I bought a package awhile ago out of curiosity and after eating them i haven't been able to stop craving them! I've yet to find them anywhere again! I've even looked online to see if i could order them. But no luck! I've gotta have more! Help me!


----------



## Josie1945 (Feb 17, 2011)

Never had smoked turkey tails, try asking your butcher.

Welcome to DC

Josie


----------



## babetoo (Feb 17, 2011)

welcome, never heard of such a thing. good luck


----------



## Bolas De Fraile (Feb 18, 2011)

Tinybu88les8 said:


> I bought a package awhile ago out of curiosity and after eating them i haven't been able to stop craving them! I've yet to find them anywhere again! I've even looked online to see if i could order them. But no luck! I've gotta have more! Help me!

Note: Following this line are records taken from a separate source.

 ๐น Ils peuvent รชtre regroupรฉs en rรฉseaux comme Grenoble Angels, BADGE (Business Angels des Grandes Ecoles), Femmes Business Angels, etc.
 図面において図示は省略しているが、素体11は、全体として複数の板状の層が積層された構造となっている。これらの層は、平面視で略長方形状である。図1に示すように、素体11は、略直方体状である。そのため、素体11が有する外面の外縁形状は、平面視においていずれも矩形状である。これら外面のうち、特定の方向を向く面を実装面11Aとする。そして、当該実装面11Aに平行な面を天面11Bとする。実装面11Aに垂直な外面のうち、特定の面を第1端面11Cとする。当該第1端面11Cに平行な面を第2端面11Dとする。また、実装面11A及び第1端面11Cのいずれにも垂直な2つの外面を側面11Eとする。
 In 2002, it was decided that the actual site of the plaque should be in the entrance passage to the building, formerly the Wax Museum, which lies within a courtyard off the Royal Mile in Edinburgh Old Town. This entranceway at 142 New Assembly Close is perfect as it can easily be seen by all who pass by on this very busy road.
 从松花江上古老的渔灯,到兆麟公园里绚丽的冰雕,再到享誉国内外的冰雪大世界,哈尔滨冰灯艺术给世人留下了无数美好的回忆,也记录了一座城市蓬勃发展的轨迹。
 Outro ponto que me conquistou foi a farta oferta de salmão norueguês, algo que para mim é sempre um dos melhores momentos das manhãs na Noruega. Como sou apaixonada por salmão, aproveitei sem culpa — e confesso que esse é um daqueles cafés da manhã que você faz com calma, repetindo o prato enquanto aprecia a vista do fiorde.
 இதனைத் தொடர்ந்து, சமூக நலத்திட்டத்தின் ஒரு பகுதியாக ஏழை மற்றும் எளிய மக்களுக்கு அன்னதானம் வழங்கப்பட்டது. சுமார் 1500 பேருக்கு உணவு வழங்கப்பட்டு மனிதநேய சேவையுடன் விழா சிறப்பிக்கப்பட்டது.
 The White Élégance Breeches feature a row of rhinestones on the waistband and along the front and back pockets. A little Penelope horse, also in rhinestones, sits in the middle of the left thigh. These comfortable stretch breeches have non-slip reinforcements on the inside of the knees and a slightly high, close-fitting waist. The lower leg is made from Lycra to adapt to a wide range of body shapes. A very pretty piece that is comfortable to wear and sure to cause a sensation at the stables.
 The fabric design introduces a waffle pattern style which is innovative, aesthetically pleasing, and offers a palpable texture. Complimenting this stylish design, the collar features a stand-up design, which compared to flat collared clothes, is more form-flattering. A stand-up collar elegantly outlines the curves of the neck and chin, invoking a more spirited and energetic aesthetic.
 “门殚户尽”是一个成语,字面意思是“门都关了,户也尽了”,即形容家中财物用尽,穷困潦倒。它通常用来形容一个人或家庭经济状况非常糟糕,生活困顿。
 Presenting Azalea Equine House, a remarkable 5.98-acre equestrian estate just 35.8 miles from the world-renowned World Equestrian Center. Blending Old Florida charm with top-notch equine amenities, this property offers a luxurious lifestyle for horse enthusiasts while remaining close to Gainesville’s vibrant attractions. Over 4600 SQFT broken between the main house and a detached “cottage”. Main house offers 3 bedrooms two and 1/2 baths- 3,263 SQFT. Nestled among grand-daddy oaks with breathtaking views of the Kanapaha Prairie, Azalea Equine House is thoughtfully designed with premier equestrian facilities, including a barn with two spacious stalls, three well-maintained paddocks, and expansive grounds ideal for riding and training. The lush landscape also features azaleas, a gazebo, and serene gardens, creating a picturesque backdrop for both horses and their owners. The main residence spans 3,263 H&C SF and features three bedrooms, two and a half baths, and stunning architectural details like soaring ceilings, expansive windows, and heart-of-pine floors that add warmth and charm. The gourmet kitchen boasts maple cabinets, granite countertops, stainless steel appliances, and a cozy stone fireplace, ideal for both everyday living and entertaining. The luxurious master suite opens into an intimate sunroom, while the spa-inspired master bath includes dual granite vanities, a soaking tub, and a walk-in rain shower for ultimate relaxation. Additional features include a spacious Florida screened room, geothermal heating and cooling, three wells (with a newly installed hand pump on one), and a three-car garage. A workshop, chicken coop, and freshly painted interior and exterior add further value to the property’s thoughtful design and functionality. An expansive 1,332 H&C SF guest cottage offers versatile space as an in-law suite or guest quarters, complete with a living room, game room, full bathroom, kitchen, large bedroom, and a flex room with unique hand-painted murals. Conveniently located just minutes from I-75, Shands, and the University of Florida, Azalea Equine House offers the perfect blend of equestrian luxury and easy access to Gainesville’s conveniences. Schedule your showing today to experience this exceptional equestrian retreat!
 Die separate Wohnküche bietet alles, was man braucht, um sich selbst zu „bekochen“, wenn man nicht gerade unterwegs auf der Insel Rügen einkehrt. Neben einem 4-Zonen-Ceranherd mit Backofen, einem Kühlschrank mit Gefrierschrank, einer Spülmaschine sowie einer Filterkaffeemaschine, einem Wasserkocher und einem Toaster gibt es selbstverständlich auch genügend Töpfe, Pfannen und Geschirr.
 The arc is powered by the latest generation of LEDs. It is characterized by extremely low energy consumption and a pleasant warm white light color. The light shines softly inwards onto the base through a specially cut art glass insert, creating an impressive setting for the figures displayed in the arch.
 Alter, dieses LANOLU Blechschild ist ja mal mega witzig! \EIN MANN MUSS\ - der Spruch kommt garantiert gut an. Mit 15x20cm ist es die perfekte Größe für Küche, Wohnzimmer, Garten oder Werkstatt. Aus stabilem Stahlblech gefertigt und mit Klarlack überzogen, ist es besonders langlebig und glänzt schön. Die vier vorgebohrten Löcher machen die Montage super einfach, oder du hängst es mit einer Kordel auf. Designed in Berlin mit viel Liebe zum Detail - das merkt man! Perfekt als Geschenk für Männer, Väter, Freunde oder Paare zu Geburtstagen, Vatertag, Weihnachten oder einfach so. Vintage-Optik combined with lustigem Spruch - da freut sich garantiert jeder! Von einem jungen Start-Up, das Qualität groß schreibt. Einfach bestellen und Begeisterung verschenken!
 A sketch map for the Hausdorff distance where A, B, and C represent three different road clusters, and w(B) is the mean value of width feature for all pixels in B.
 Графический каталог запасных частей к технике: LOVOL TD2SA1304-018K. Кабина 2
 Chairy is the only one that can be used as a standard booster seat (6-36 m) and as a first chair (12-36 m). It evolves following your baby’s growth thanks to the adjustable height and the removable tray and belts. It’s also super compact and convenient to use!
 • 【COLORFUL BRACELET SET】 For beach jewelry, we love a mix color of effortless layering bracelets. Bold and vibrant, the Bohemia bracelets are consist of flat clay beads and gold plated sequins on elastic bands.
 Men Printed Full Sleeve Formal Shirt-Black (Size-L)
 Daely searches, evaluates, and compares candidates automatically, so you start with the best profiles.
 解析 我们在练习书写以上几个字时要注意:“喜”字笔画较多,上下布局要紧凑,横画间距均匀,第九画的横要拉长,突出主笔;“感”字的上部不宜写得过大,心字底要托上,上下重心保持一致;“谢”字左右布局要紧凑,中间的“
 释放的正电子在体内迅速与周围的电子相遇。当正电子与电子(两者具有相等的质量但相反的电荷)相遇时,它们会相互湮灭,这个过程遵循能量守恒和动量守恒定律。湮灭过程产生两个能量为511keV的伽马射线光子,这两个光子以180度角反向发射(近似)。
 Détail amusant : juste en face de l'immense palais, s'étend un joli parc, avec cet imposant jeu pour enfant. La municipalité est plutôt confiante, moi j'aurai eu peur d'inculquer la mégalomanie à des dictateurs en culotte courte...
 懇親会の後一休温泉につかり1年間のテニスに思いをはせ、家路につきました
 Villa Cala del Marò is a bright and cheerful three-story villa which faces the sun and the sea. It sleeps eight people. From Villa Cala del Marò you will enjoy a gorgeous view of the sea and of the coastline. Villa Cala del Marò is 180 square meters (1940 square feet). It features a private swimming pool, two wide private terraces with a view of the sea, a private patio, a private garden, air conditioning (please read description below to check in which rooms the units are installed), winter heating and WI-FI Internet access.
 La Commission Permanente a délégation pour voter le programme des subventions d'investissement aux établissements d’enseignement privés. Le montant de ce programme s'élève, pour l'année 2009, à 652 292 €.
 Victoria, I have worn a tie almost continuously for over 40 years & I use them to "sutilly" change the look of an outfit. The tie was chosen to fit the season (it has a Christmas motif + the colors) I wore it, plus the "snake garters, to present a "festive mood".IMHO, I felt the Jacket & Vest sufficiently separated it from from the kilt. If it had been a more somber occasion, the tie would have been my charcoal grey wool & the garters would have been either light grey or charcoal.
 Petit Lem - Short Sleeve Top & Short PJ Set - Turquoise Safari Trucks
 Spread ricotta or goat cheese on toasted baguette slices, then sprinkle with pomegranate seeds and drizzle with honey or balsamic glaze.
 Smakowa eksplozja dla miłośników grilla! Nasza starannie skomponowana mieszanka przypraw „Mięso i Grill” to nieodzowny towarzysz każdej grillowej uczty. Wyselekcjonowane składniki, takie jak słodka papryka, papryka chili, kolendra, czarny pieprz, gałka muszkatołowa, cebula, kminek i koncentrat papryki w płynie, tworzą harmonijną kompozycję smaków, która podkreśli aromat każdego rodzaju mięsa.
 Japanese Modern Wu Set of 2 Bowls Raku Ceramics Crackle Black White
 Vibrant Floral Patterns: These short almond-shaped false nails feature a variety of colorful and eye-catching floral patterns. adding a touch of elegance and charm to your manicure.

Do you mean the turkeys parsons nose, if so you are like me a Connoisseurof the Toches, I brine my parsons (not mine the turkeys) then hot smoke for a long time then crisp in a hot oven, I sometimes brush with bbq sauce before putting in the oven they knock BBQ ribs into a cocked hat, every pun and ramification intended, I think I should stop now


----------



## Bolas De Fraile (Feb 18, 2011)

pre brine


----------



## Tinybu88les8 (Feb 18, 2011)

That picture looks like a turkeys tail. Sounds like we have different names for it.  I can't find them anywhere! They're so Delicious.


----------



## 97guns (May 26, 2013)

got me 2 packs of raw tail in the freeze, gonna be my memorial day feast


----------